** Opening Provided material block **
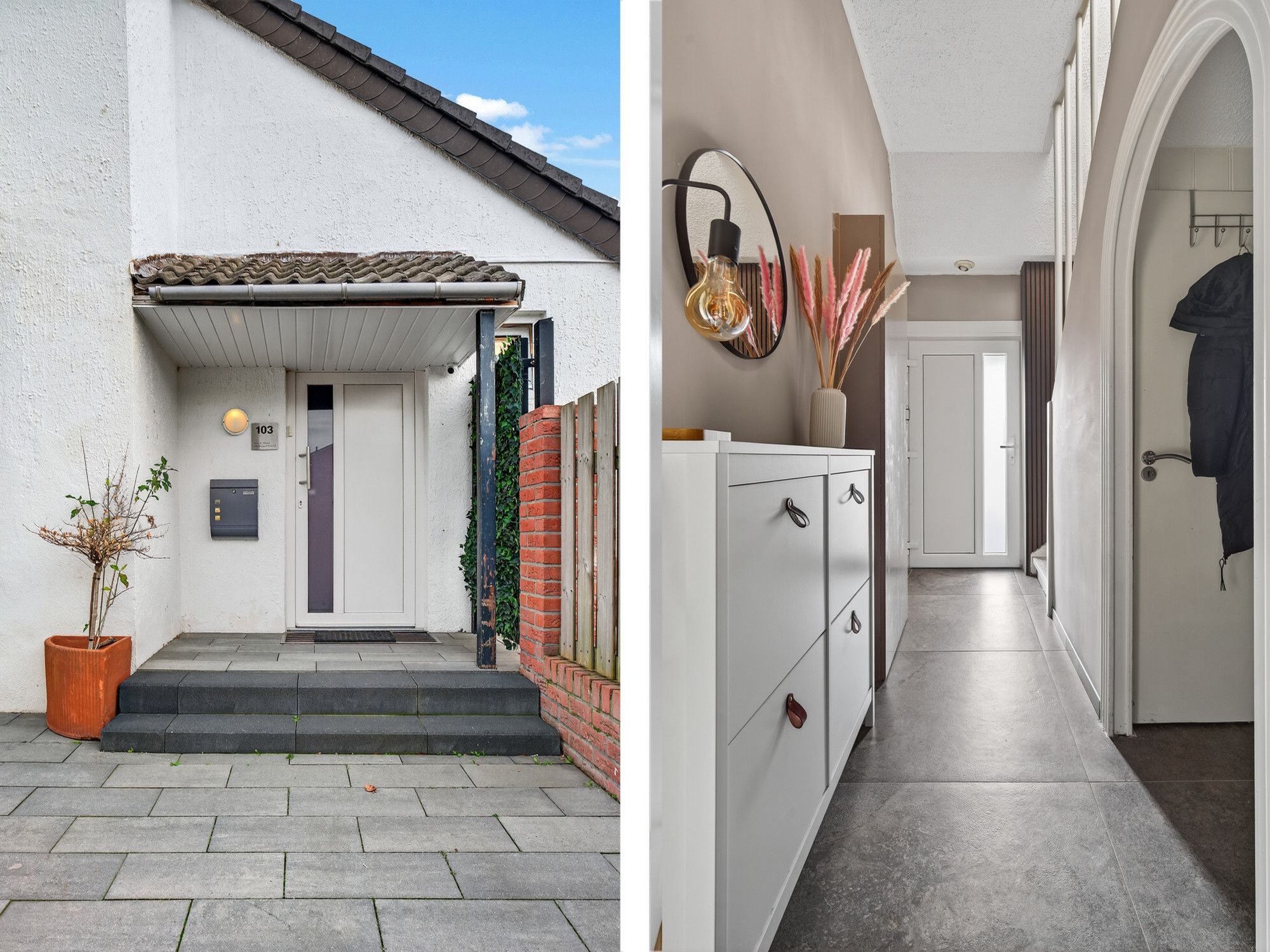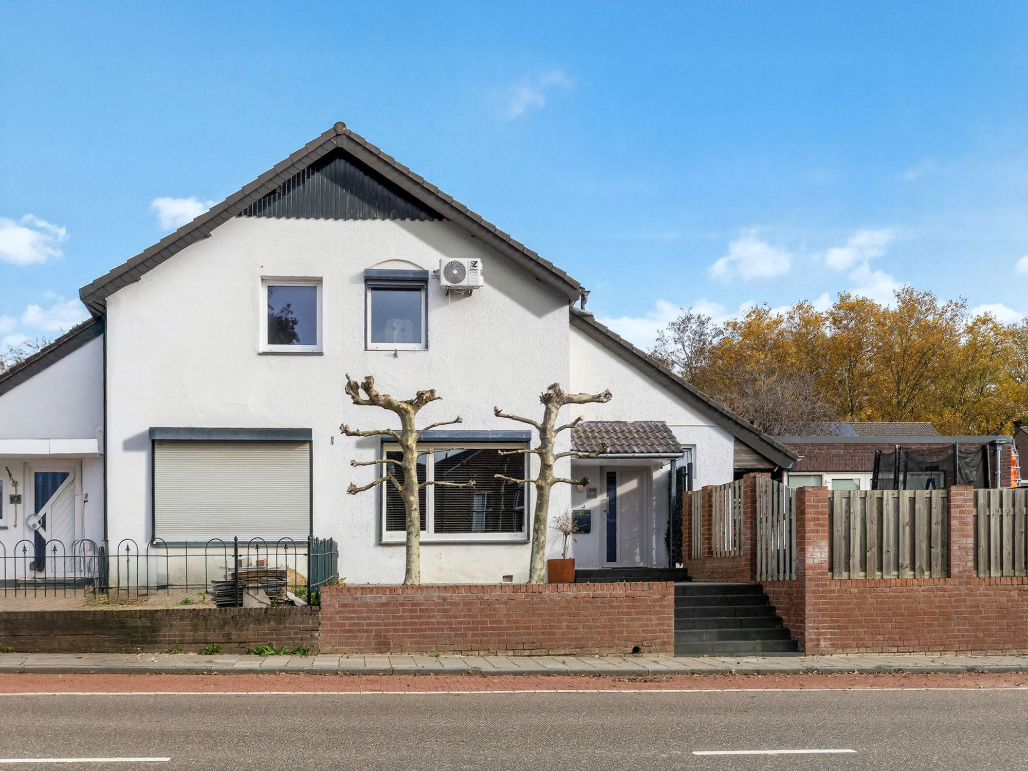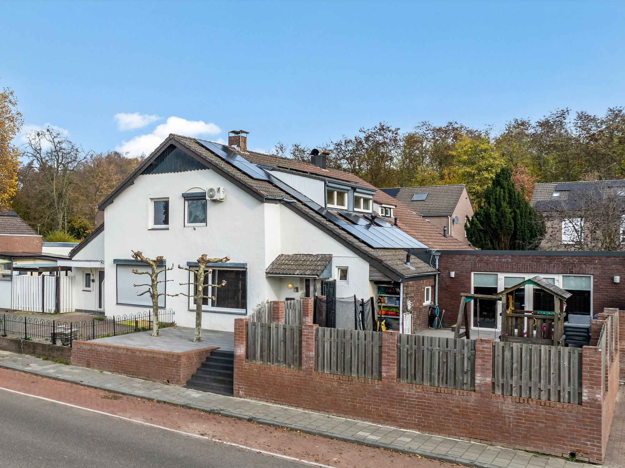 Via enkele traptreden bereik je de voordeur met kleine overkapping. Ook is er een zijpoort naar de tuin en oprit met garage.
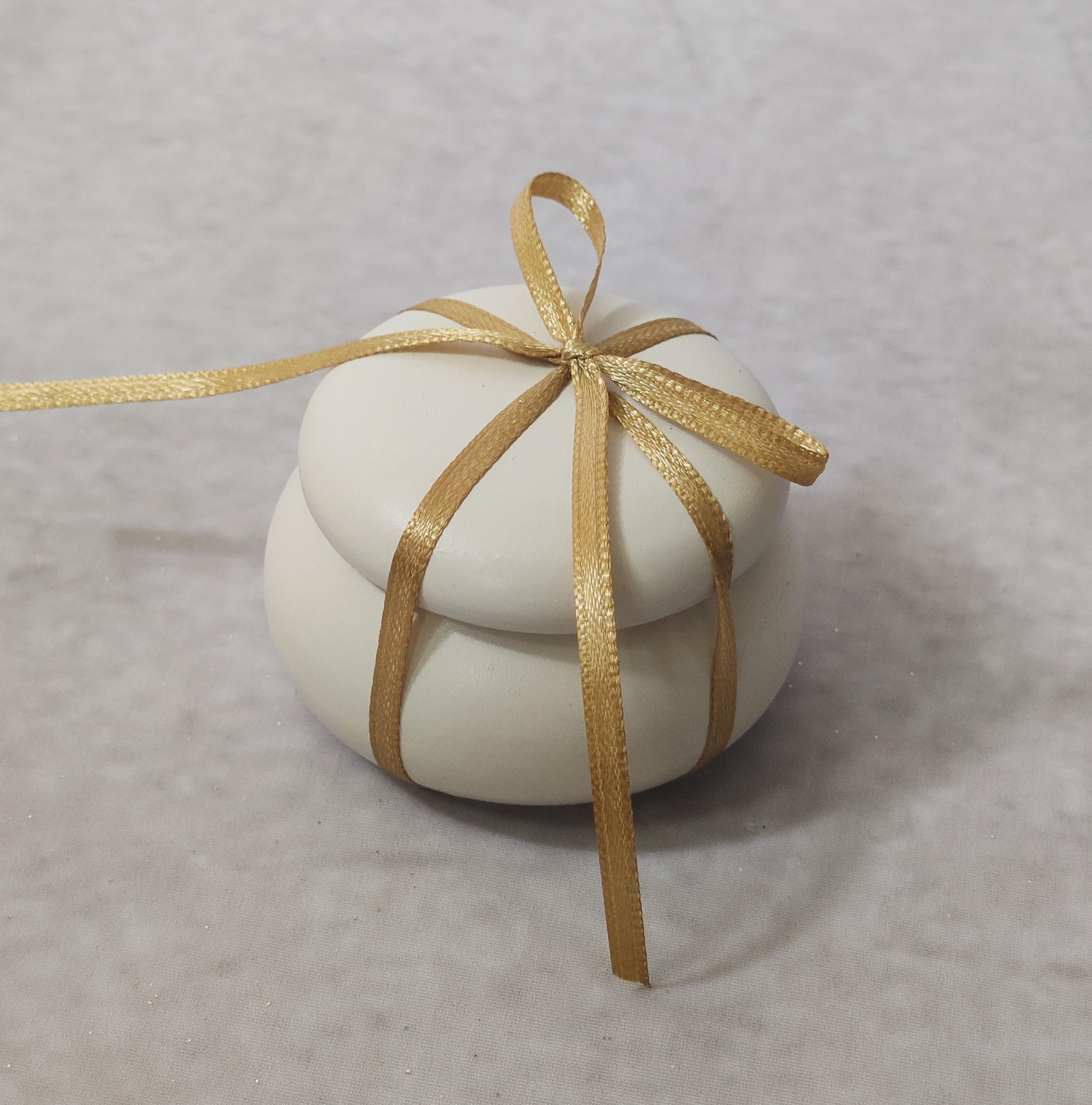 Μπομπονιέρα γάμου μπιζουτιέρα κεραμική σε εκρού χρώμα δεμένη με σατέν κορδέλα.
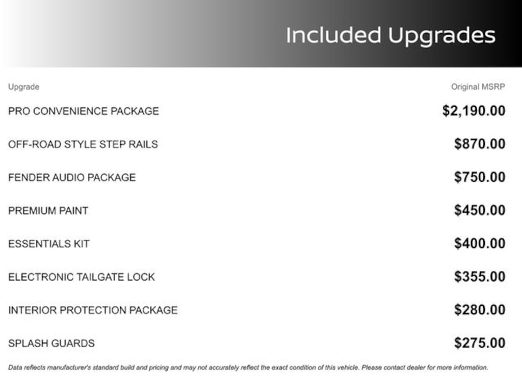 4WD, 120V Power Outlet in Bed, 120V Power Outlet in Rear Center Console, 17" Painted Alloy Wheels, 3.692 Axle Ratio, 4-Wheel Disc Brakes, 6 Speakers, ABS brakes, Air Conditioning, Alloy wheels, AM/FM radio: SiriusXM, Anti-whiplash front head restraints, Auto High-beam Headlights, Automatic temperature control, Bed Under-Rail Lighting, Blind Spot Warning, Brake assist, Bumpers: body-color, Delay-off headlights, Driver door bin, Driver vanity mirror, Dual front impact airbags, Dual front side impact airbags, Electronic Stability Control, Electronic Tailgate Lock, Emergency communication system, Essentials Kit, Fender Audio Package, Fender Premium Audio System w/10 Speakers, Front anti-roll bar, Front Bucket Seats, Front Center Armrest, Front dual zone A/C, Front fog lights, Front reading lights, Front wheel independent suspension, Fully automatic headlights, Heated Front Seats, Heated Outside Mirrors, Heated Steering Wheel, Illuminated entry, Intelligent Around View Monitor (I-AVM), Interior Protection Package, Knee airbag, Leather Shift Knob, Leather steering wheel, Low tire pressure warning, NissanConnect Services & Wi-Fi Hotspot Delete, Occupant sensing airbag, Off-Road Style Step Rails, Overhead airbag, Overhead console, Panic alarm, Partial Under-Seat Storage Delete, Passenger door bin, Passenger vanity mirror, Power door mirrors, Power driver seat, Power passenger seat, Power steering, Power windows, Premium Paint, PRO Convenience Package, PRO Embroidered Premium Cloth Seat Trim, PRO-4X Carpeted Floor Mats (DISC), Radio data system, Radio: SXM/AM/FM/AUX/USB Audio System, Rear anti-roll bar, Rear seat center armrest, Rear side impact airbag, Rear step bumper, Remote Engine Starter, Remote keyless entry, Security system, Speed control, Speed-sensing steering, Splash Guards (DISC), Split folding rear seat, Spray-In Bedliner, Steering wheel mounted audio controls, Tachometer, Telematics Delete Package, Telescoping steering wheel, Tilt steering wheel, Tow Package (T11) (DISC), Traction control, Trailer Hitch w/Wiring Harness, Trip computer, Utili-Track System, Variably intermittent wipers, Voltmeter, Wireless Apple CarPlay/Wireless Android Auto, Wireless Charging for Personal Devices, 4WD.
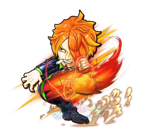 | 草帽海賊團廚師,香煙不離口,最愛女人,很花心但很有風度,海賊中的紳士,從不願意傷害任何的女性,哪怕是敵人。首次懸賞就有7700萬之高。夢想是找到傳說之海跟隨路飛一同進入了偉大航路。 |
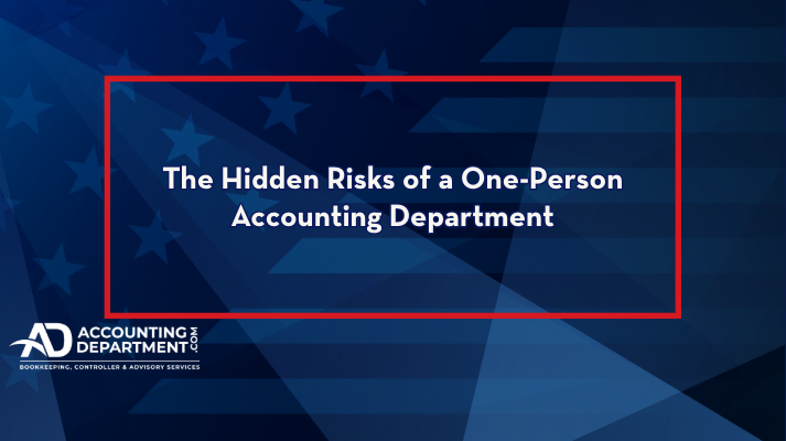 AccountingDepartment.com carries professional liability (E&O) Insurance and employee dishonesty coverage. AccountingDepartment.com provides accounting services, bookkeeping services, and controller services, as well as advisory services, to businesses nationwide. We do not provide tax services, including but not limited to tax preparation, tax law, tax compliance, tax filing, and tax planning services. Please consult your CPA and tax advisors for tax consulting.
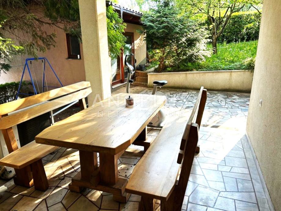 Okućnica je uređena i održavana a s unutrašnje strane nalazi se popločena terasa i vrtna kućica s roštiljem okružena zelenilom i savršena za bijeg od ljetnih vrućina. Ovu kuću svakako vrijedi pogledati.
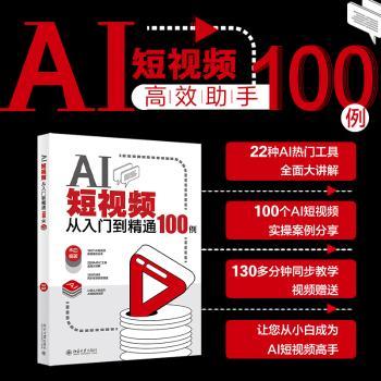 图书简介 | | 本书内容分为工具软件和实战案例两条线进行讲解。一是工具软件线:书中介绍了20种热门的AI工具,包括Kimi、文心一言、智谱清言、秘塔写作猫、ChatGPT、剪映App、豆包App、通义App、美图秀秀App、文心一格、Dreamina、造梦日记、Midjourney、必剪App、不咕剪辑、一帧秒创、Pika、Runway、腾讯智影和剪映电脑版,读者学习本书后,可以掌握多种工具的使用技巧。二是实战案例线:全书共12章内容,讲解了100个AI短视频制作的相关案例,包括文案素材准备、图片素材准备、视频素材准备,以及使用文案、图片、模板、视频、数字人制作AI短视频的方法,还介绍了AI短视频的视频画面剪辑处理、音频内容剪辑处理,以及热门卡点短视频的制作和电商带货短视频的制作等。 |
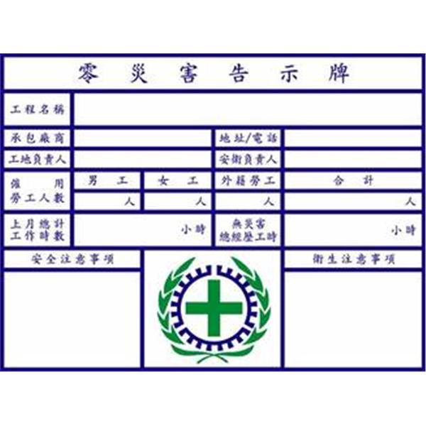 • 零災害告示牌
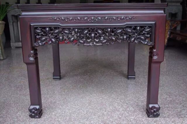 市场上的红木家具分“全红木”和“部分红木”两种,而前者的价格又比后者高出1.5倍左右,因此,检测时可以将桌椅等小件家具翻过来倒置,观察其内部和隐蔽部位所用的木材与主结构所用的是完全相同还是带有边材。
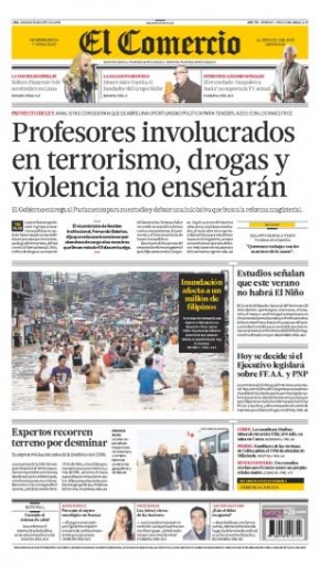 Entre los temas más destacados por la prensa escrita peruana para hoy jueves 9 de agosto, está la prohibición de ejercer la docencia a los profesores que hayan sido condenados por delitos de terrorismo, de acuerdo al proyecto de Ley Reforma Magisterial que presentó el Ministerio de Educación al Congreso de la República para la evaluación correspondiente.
** Closing Provided material block **
Only the lines from the one with "AccountingDepartment.com carries professional" through the final line of the entries above should be transcribed, exactly and without pictures.

 AccountingDepartment.com carries professional liability (E&O) Insurance and employee dishonesty coverage. AccountingDepartment.com provides accounting services, bookkeeping services, and controller services, as well as advisory services, to businesses nationwide. We do not provide tax services, including but not limited to tax preparation, tax law, tax compliance, tax filing, and tax planning services. Please consult your CPA and tax advisors for tax consulting.
 Okućnica je uređena i održavana a s unutrašnje strane nalazi se popločena terasa i vrtna kućica s roštiljem okružena zelenilom i savršena za bijeg od ljetnih vrućina. Ovu kuću svakako vrijedi pogledati.
 图书简介 | | 本书内容分为工具软件和实战案例两条线进行讲解。一是工具软件线:书中介绍了20种热门的AI工具,包括Kimi、文心一言、智谱清言、秘塔写作猫、ChatGPT、剪映App、豆包App、通义App、美图秀秀App、文心一格、Dreamina、造梦日记、Midjourney、必剪App、不咕剪辑、一帧秒创、Pika、Runway、腾讯智影和剪映电脑版,读者学习本书后,可以掌握多种工具的使用技巧。二是实战案例线:全书共12章内容,讲解了100个AI短视频制作的相关案例,包括文案素材准备、图片素材准备、视频素材准备,以及使用文案、图片、模板、视频、数字人制作AI短视频的方法,还介绍了AI短视频的视频画面剪辑处理、音频内容剪辑处理,以及热门卡点短视频的制作和电商带货短视频的制作等。 |
 • 零災害告示牌
 市场上的红木家具分“全红木”和“部分红木”两种,而前者的价格又比后者高出1.5倍左右,因此,检测时可以将桌椅等小件家具翻过来倒置,观察其内部和隐蔽部位所用的木材与主结构所用的是完全相同还是带有边材。
 Entre los temas más destacados por la prensa escrita peruana para hoy jueves 9 de agosto, está la prohibición de ejercer la docencia a los profesores que hayan sido condenados por delitos de terrorismo, de acuerdo al proyecto de Ley Reforma Magisterial que presentó el Ministerio de Educación al Congreso de la República para la evaluación correspondiente.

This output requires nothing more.